O verbo neste modo serve para, digamos assim, sugerir com força: “compre”, “experimente”, “troque”, “descubra”, “aproveite”, “curta”, “ligue já”. Não há a conotação de ‘ordem’, porque são comandos que fazem parte da paisagem da publicidade desde a invenção do anúncio, e já se enfraqueceram ao longo do tempo.
Mas veja: os verbos amar, gostar, adorar (e outros, como aprovar ou ficar satisfeito) não fazem parte desse elenco. Não se usa nenhum deles no imperativo, porque seria uma sugestão forte demais. Pode parecer, sim, uma ordem.
É por isso que você não vai ver nenhum slogan como “Brastemp. Experimente e ame nossas lavadoras”, ou “Boticário. Use e adore”. Quando é para usar esses verbos, a publicidade troca o imperativo por um vaticínio — uma aposta de que o consumidor vai ficar satisfeito. Em vez de “ame”, entra o “você vai amar” (você vai gostar, você vai adorar, você vai aprovar, você não vai se arrepender, você vai se apaixonar).

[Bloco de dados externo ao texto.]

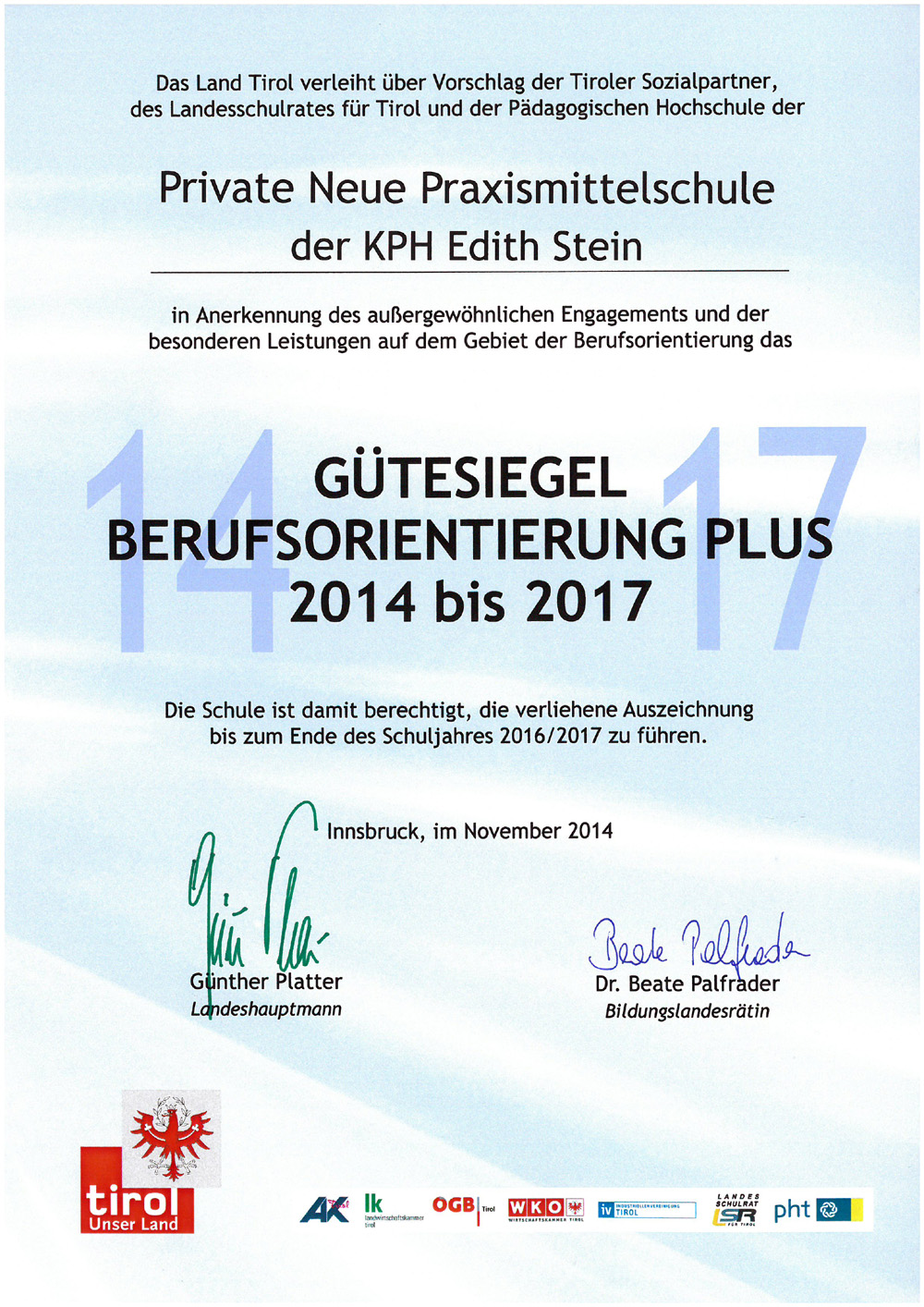 Das Gütesiegel „Berufsorientierung Plus“ ist ein Gemeinschaftsprojekt des Landes Tirol, der Tiroler Wirtschaftskammer, den Tiroler Sozialpartnern, dem Landesschulrat für Tirol und der Pädagogischen Hochschule Tirol.

O McDonald’s, por exemplo, usou o verbo amar de uma maneira bastante original, transferindo para a boca do consumidor: “Amo muito tudo isso” (e não “Peça e ame nossos sanduíches”).
“Ame” também pode ser usado como um pedido, um apelo aos bons sentimentos do receptor. “Ame a natureza, não use canudo de plástico”. “Ame as crianças com câncer, participe do Teleton”. “Ame a nossa cidade, pague o IPTU em dia”.
E em turismo? “Ame a Bahia, passe suas férias aqui” seria uma campanha justificável num contexto em que a Bahia quisesse estimular o turismo intra-estadual e de baianos expatriados. Mas para o público geral, neutro, sem vínculo emocional com o anunciante, é óbvio que “Visite a Bahia, você vai amar” funciona melhor.
Já “Bahia. Visite e nos ame” seria um slogan tão indefensável quanto “Brazil. Visit and love us”.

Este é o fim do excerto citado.